Wenn Sie auf eine Bache mit Frischlingen getroffen wäre hätte wirklich Gefahr bestanden oder sie hätte danach ins Krankenhaus gemusst. So traf sie sehr wahrscheinlich auf einen ausgesetzten/ entlaufenen Hund, darauf deutet ganz klar das Halsband hin. Ein Wolf macht sich natürlich in dieser von Wolfsphobie geprägten Zeit vor allem für schlagzeilen - und profitgeile Medien besser. Die seriöseren unter ihnen erwähnen weiter hinten im Text wenigstens, das die Tierart völlig ungeklärt ist. Außerdem gibt es noch die Möglichkeit das alles frei erfunden ist um den Wolf weiter zu diskreditieren. Würde mich bei dem auf Wolfshass deutenden Verhalten des Vaters nicht wundern. Und dem Landrat kommt das vor der Wahl recht, kann er doch den Rotkäppchenbeschützer spielen. Gäbe es im Volk eine klare Mehrheit für den Wolf, würde er die Dame für unglaubwürdig halte, wetten?

14.05.2019 14:49 Mentor an Sylter 24 25

Offensichtlich haben Sie nicht mitbekommen, daß es in unseren Wäldern bis 1990 keine Großraubtiere gab. DAS ist Realitätsverweigerung. Offensichtlich habe Sie auch keine Kinder, noch wohnen Sie auf dem Land. Das ist etwas anderes als im 4 Stock in der Stadt zu leben. Im Übrigen vergleichen Sie Äpfel mit Blumenkohl. Wir haben etwa 1,5 Mio. Wildschweine aber z.Zt. noch(!) ein paar hundert Wölfe. Und wir haben (noch) einen viel zu hohen Wildbestand. Interessant wirds, wenn der auf Normalmaß zurückgeschrumpft ist.

@Sr.Raul: Alles klar. Giftpilze haben die Schulterhöhe einer Deutschen Dogge, jagen im Rudel und haben Kinder im Beuteschema. Man merkt sofort, daß Sie Ahnung haben.
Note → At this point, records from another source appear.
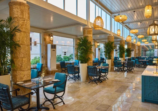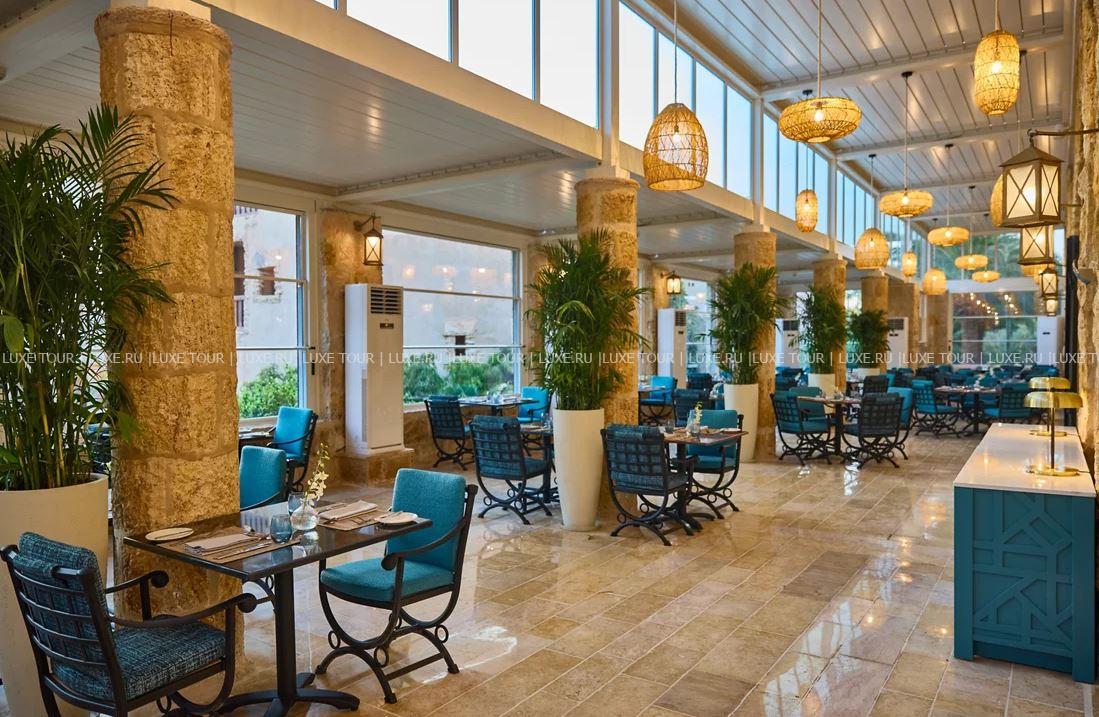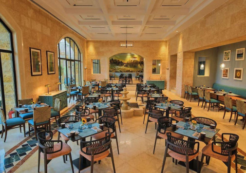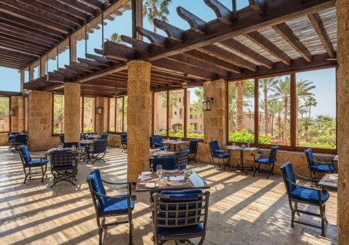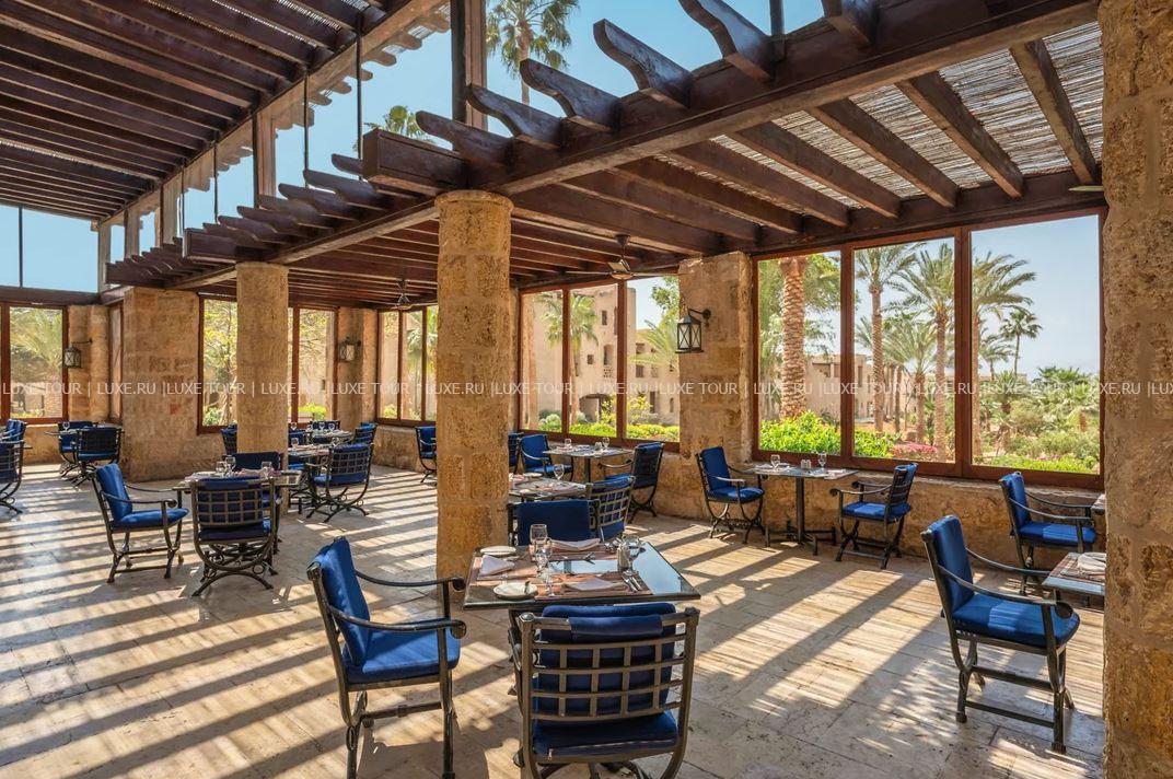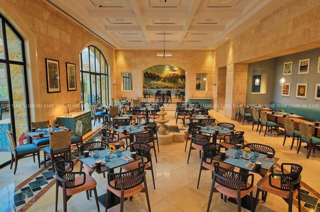- Ресторан Al Saraya с арочными окнами, открытой террасой и видом на сад предлагает «шведский стол» и меню a la carte. с богатым выбором блюд средиземноморской кухни.
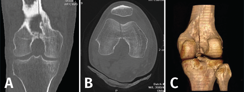Figura 18. A: corte de reconstrucción coronal; B: axial; y C: reconstrucción 3D de tomografía axial computarizada de rodilla: fractura longitudinal del fémur extendida al techo intercondilar.
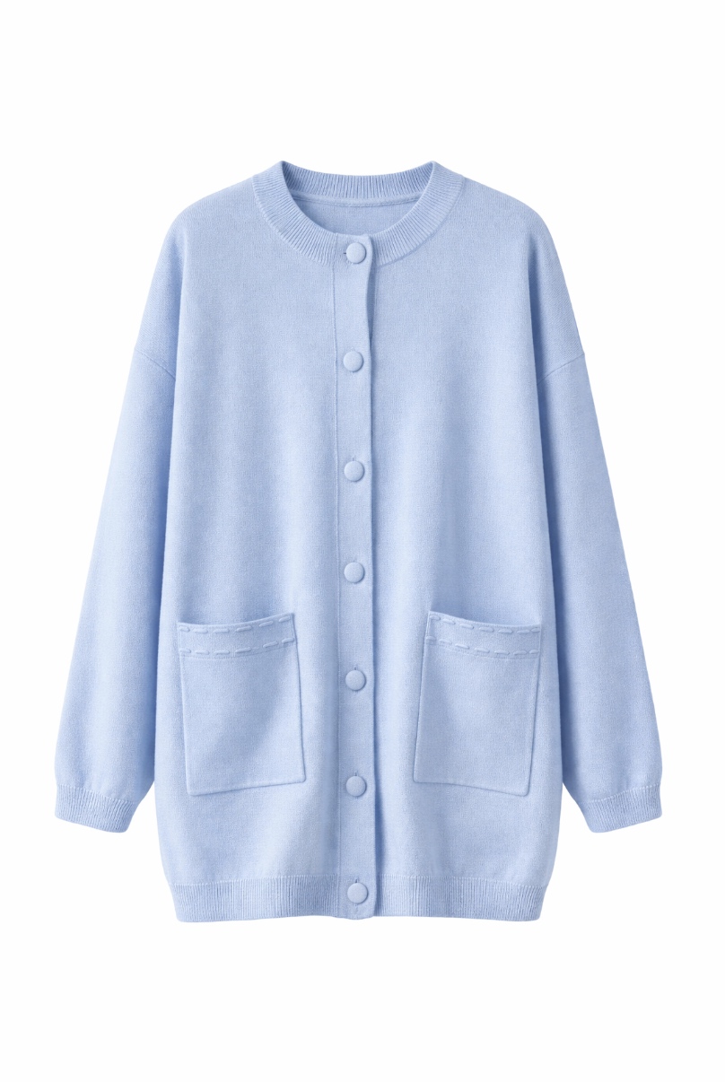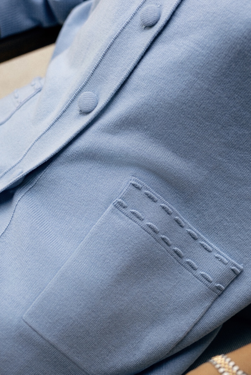 Удлинённый плотный кардиган из мягкой премиальной пряжи — это инвестиция в базовый гардероб. Модель выполнена в нежном пастельно-голубом оттенке, который освежает образ и легко сочетается с денимом, кожей или классической шерстью.
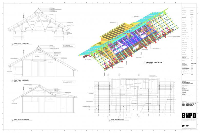 Drawings of the roof framing accentuate the complexity of the trusses, most of which are left exposed: steel outside, wood inside.

14.05.2019 11:42 Sylter 24

@14.05.2019 09:35 Mentor an Sylter 13
Sorry, aber im Wald gibt es nun mal wilde Tiere. Ihre Realitätsverweigerung wird das nicht ändern. Laufen Sie mal einer Bache mit Frischlingen über den Weg. Die wird sich sicherlich an Ihrer Vollkasko Mentalität die Borsten scheuern.
Wald bleibt Wald. Immer schön die Äuglein offen halten. Wie im Strassenverkehr.

14.05.2019 11:24 Sr.Raul 23

NEIN,@16 (Mentor an...), die Menschheit ist im Wald schon immer allein schon an bruch-/standversagenden Bäumen in ihrer Existenz bedroht gewesen. Kleines Wald 1 x 1 . Von den ganzen giftigen Pilzen, Pflanzen, mit Überträgern des Fuchsbandwurm kontaminierten Waldfrüchten etc. pp. ganz zu Schweigen. Und dann jetzt noch diese ganzen wilden "Bestien" und Das im Wald unfassbar.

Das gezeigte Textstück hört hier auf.